Sortie en salle : 20 mai 2009




Le secret magnifique

Pedro Almodóvar signe avec Étreintes brisées une œuvre épurée qui paraîtra (en apparence seulement) moins jubilatoire et « aimable » que d'autres opus. Mais l'univers particulier du maître du cinéma espagnol est ici présent dans ce qui est la synthèse de ses précédents films, tout en constituant la quintessence de son art.

Le film dans le film

Comme dans La Mauvaise éducation, il est question de « film dans le film ». À la suite d'un accident de voiture, le cinéaste Harry Caine, ex-Mateo Blanco (Lluis Homar) est devenu aveugle et ne vit que grâce aux scénarios qu'il écrit en collaboration avec Judit (Blanca Portillo), son ancienne et fidèle directrice de production. Quatorze ans auparavant, il terminait le tournage d'un film médiocre (remonté de façon malveillante et contre son gré), dans lequel il faisait tourner Lena, la femme de sa vie (Penélope Cruz), morte quelques temps après dans l'accident... Les flash-back permettent de reconstituer le puzzle du mélodrame sentimental et de l'échec artistique et public du film, sans les excès de mise en abyme qui cassaient l'émotion dans La Mauvaise éducation.

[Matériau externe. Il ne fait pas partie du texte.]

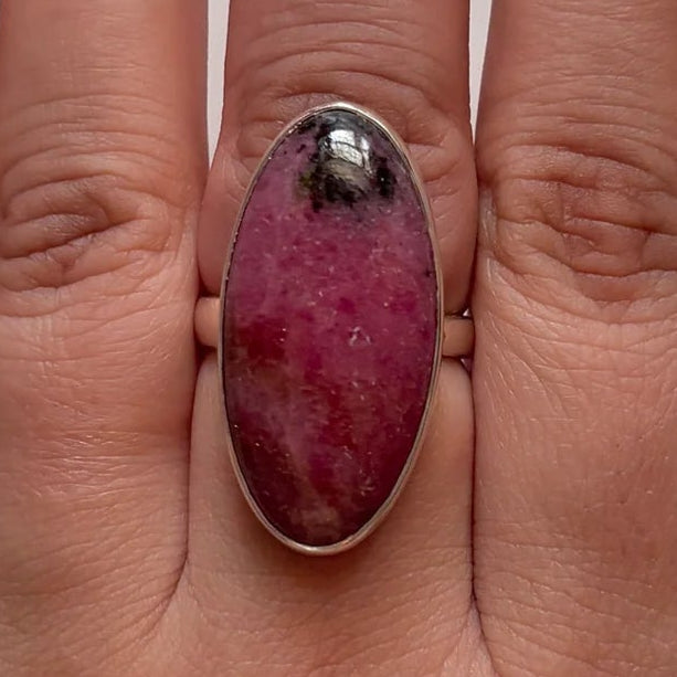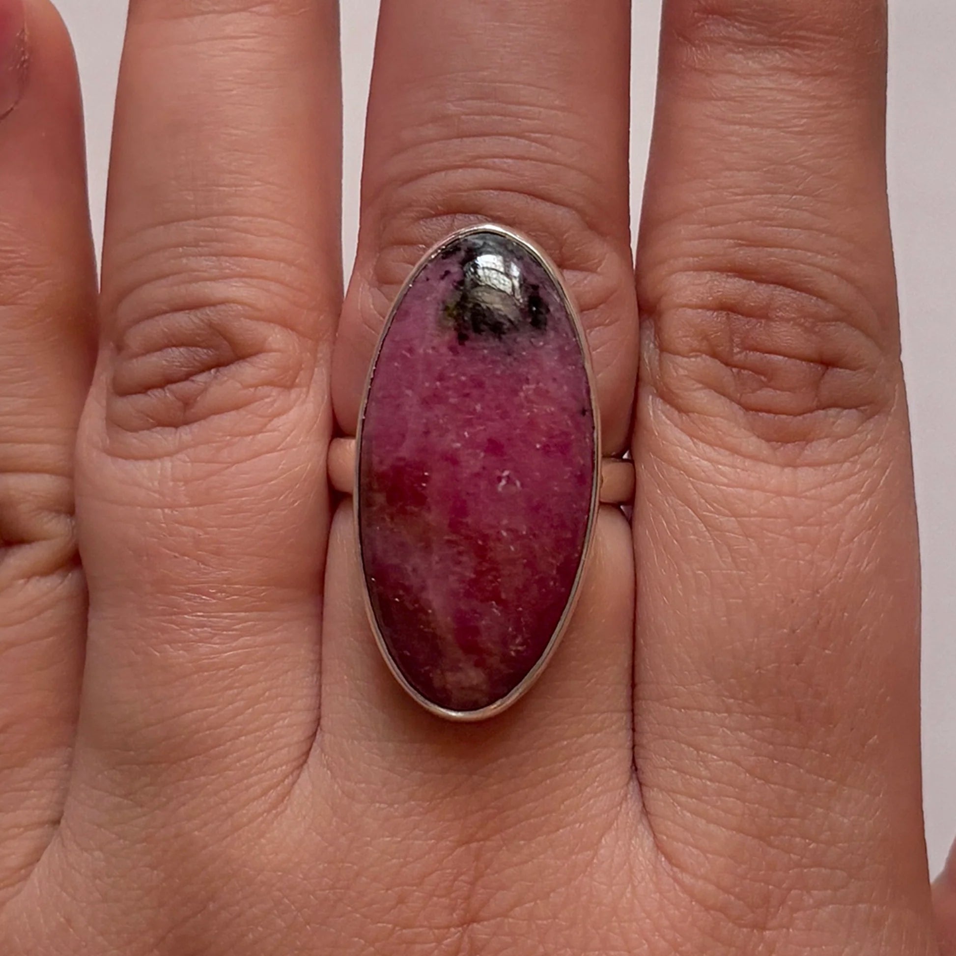 Acest inel din argint 925 cu rodonit este o bijuterie deosebită, în care rozul intens al pietrei se îmbină cu nuanțe naturale mai închise, rezultând un joc cromatic elegant și plin de personalitate. Forma ovală alungită îi conferă rafinament și îl transformă într-o piesă statement, ideală pentru cei care caută un accesoriu original și autentic.
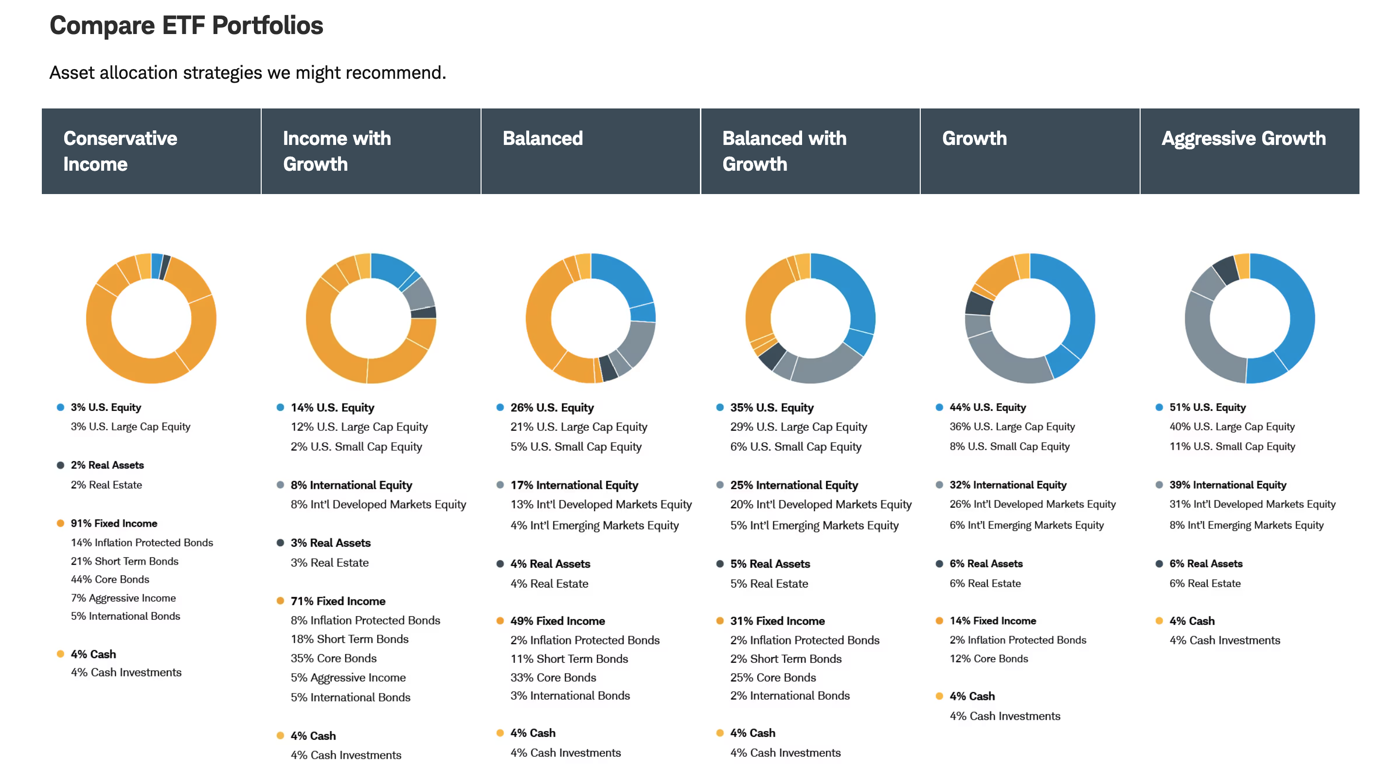 These allocations aren’t just theory; they reflect the typical asset mixes Schwab uses in managed client portfolios.

La référence à Voyage en Italie (que Lena et Mateo regardent à la télévision) permet d'annoncer le drame à venir des amants, leur étreinte interrompue par la mort étant fixée à jamais par le photographe espion. Dans Tout sur ma mère, les images récurrentes de All about Eve éclairaient également les sentiments enfouis des protagonistes, dont la jalousie féminine. Et si Almodóvar n'hésite pas à citer implicitement Femmes au bord de la crise de nerfs, c'est moins par nombrilisme que par désir de boucler la boucle thématique et stylistique de son univers.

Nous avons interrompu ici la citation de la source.